Each Unit consists of one common share (a “Share”) and one transferable common share purchase warrant (a “Warrant”). Each Warrant entitles the holder to acquire one additional Share of the Company at a price of $0.10 per Share until 4:00 p.m. (Vancouver time) for two years from the date of closing (the “Closing Date”) the Private Placement.
The Company will use the proceeds from the Private Placement for potential acquisitions to add to the Company’s technology space and for general working capital.
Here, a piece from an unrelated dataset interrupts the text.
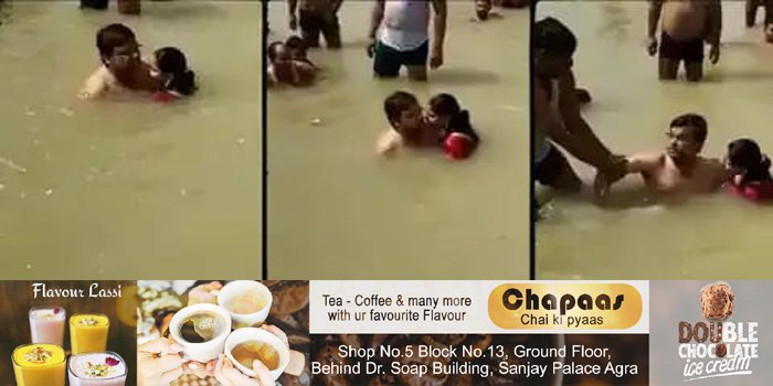 पहले तो लोगों ने इन्हें इग्नोर किया लेकिन वहां मौजूद एक शख्स ने रोमांस में बाधा डाल दी और उस शख्स की बनियान पकड़कर उसे नदी से बाहर खींच लिया। फिर क्या था, लोग तो पहले से तमाशा देख रहे थे सो वो भी जमा हो गए। इसके बाद लोगों ने उस शख्स पर थप्पड़ों की बारिश कर दी।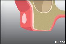 La fermeture de la cavité s’effectue souvent à l’aide de points de suture servant à réunir les bords de la gencive.

The Company paid finder’s fees of $85,680 and 1,224,000 finder’s warrants (the “Finder’s Warrants”) to Equity Analytica Inc. The Finder’s Warrants are exercisable on the same terms as the Private Placement Warrants.
The Company also announces that it has issued 6,221,430 Units at a deemed price of $0.07 per Unit, pursuant to past consulting and other services provided to the Company for the total amount of $435,500 (the “Debt Settlement”). The Each Unit consists of one Share and one Warrant. Each Warrant entitles the holder to acquire one additional Share of the Company at a price of $0.10 per Share until 4:00 p.m. (Vancouver time) for two years from the Closing Date.
Paul Dickson, CEO and a director of the Company received 1,000,000 Units in the Debt Settlement through his company, Basic Corporate Services Ltd. and Christopher P. Cherry, CFO and a director of the Company received 500,000 Units in the Debt Settlement through his company, Cherry Consulting Ltd.
As a result, the Debt Settlement transaction is a related party transaction (as defined under Multilateral Instrument 61-101 Protection of Minority Security Holders in Special Transactions (“MI 61-101”). The Company relied upon section 5.5(b) the “Issuer Not Listed on Specified Markets” and 5.7(a) the “Fair Market Value Not More than $2,500,000” and exemptions from the formal valuation and minority shareholder approval requirements, respectively, under MI 61-101.
All securities issued pursuant to the Private Placement and Debt Settlement are subject to a mandatory 4 month hold period.
About VPN Technologies Inc.
VPN Technologies Inc. is a provider of Virtual Private Network (VPN) services to the retail market and SMEs.
The Company’s flagship service is VPNLogix.com.
On Behalf of the Board,
President & CEO
No stock exchange or securities regulatory authority has reviewed or accepted responsibility for the adequacy or accuracy of this release.